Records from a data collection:
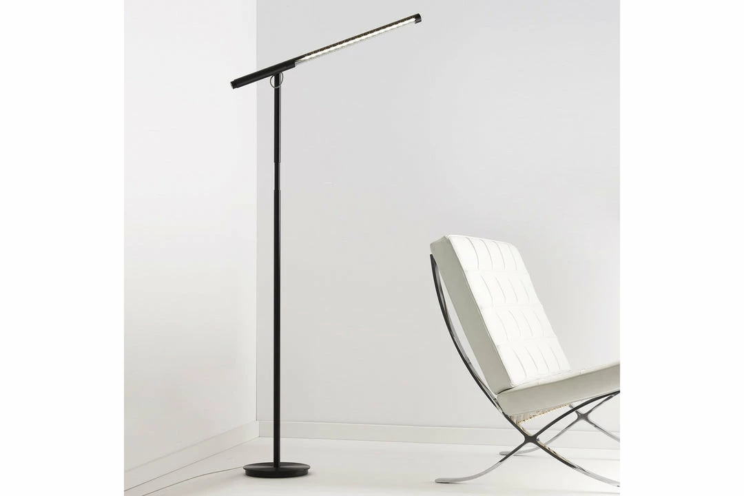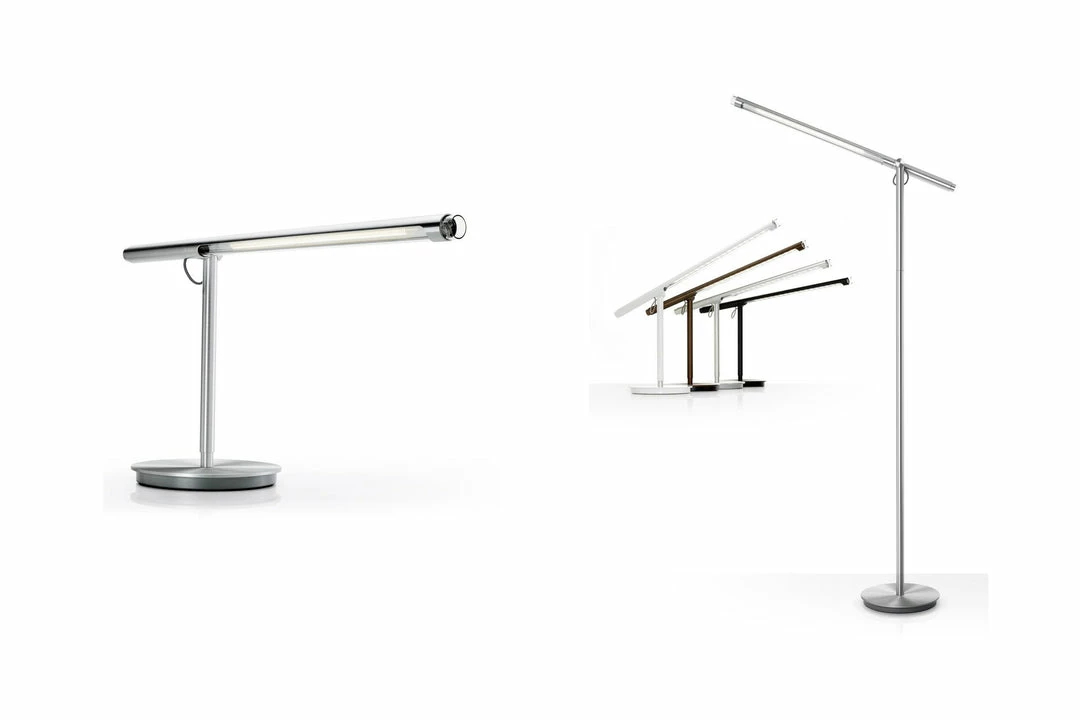 Fusing breakthrough LED technology with a uniquely tactile and calibrated light control experience, Brazo is an intelligent, precise and effortlessly adjustable task lamp. A user can tune it to any beam spread, brightness and direction, controlling the volume and focus of light. The aluminum shade on the lamp’s arm enables much of this adjustability, enabling the user to fluidly dial it around the light source to guide the beam in any direction. Although suitable for any environment, the versatility and 360° adjustability offered in its minimal frame makes Brazo ideal for use in work environments. Brazo transforms from table to floor model with a simple extension arm and ships flat-packed for easy transport.
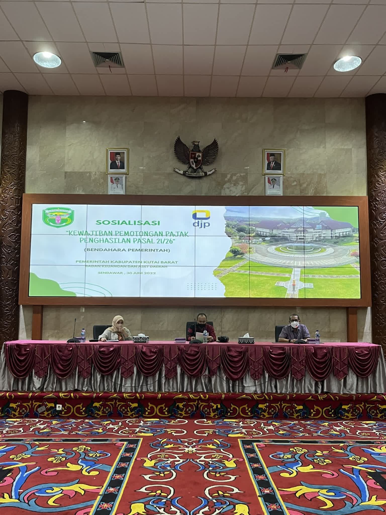 Tim Kantor Pelayanan, Penyuluhan dan Konsultasi Perpajakan (KP2KP) Sendawar menghadiri undangan dari Badan Kerja Sama Antar Daerah (BKAD) sebagai narasumber untuk mengisi acara sosialisasi Kewajiban Pemotongan Pajak Penghasilan (PPh) Pasal 21/26 di Auditorium Ajitulur Jejangkat (Kamis, 30/06).
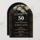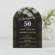 Elegante invitación al 50 aniversario de boda en negro y oro con anillo de oro y plumas de pavo real, cambia todo el texto usted mismo a cualquier aniversario o ocasión.
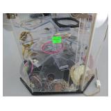Lighted Plastic Jewelry Display Case With Costume Jewelry
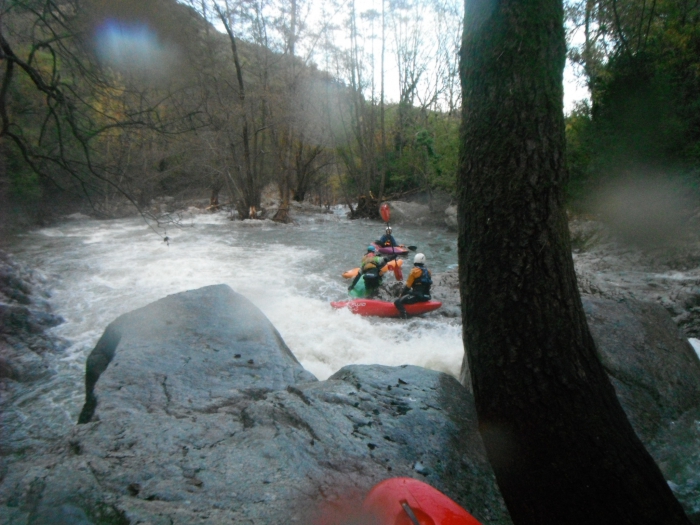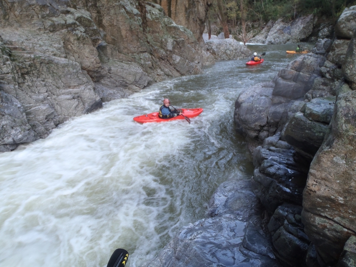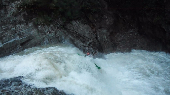 Ik vaar perfect aan mik precies naar een overspoelde rots in het midden, zet mijn 'boof'-slag en trek mijn boot in de lucht.
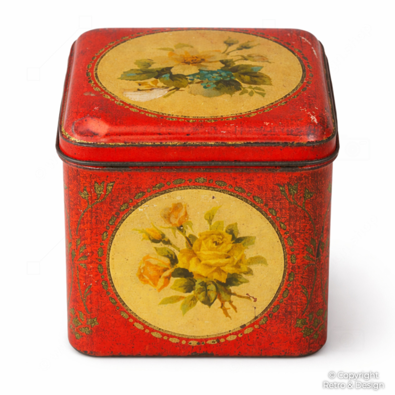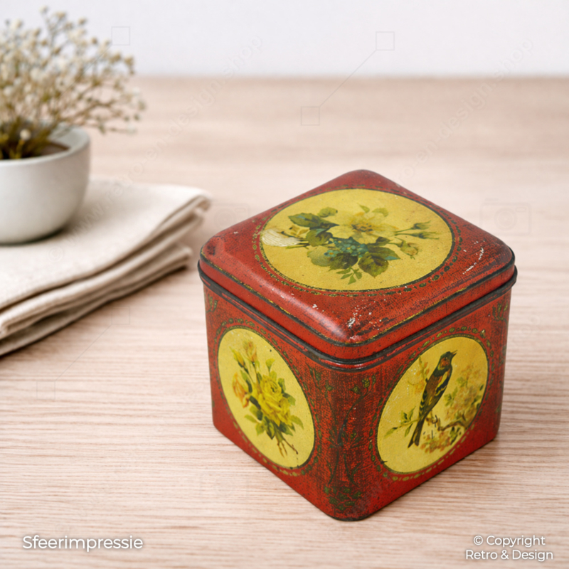 Lata Vintage Cúbica Roja con Motivos de Aves y Flores – Caja Decorativa Metálica – Holanda (1950–1970)
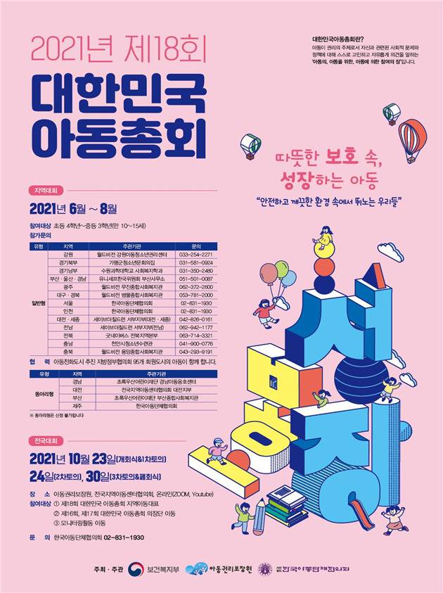 ‘대한민국 아동총회’는 전국 아동대표(만 10~17세)들이 모여 아동과 관련된 사회문제를 토의하는 ‘아동 참여권 행사의 장(場)’으로서 2004년에 처음 개최돼 올해 제18회를 맞는 행사다. 코로나19 상황을 고려해 올해 총회는 개회식에 이어 온라인(비대면)으로 3회(10월 23일, 24일, 30일)에 걸친 토의과정으로 진행될 예정이다.
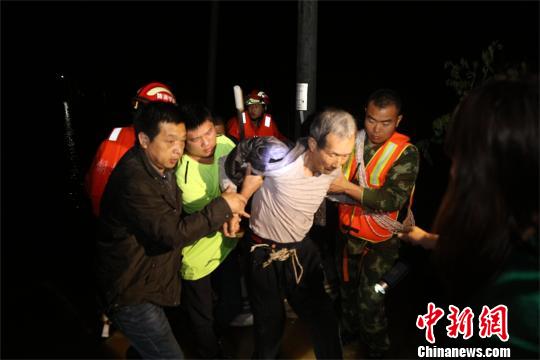 在黃沙鎮(zhèn)萬(wàn)家鄉(xiāng)上泥湖村,被困村民大多是老人。救援人員攜帶救生圈、大繩、救生衣到達(dá)受災(zāi)房屋,發(fā)現(xiàn)現(xiàn)場(chǎng)水深已達(dá)3米至4米,且水下環(huán)境復(fù)雜,積水深處水深達(dá)5米左右。面對(duì)狂風(fēng)暴雨,消防官兵挨家挨戶(hù)搜救,將被困人員逐個(gè)轉(zhuǎn)移至安全地帶。

**ABOUT THIS EXERCISE:** Find the line holding "Elegante invitación al" in the data above. Retype it and every later line exactly, through the end, but not the pictures.

**RESULT FOR THIS TASK:**
 Elegante invitación al 50 aniversario de boda en negro y oro con anillo de oro y plumas de pavo real, cambia todo el texto usted mismo a cualquier aniversario o ocasión.
Lighted Plastic Jewelry Display Case With Costume Jewelry
 Ik vaar perfect aan mik precies naar een overspoelde rots in het midden, zet mijn 'boof'-slag en trek mijn boot in de lucht.
 Lata Vintage Cúbica Roja con Motivos de Aves y Flores – Caja Decorativa Metálica – Holanda (1950–1970)
 ‘대한민국 아동총회’는 전국 아동대표(만 10~17세)들이 모여 아동과 관련된 사회문제를 토의하는 ‘아동 참여권 행사의 장(場)’으로서 2004년에 처음 개최돼 올해 제18회를 맞는 행사다. 코로나19 상황을 고려해 올해 총회는 개회식에 이어 온라인(비대면)으로 3회(10월 23일, 24일, 30일)에 걸친 토의과정으로 진행될 예정이다.
 在黃沙鎮(zhèn)萬(wàn)家鄉(xiāng)上泥湖村,被困村民大多是老人。救援人員攜帶救生圈、大繩、救生衣到達(dá)受災(zāi)房屋,發(fā)現(xiàn)現(xiàn)場(chǎng)水深已達(dá)3米至4米,且水下環(huán)境復(fù)雜,積水深處水深達(dá)5米左右。面對(duì)狂風(fēng)暴雨,消防官兵挨家挨戶(hù)搜救,將被困人員逐個(gè)轉(zhuǎn)移至安全地帶。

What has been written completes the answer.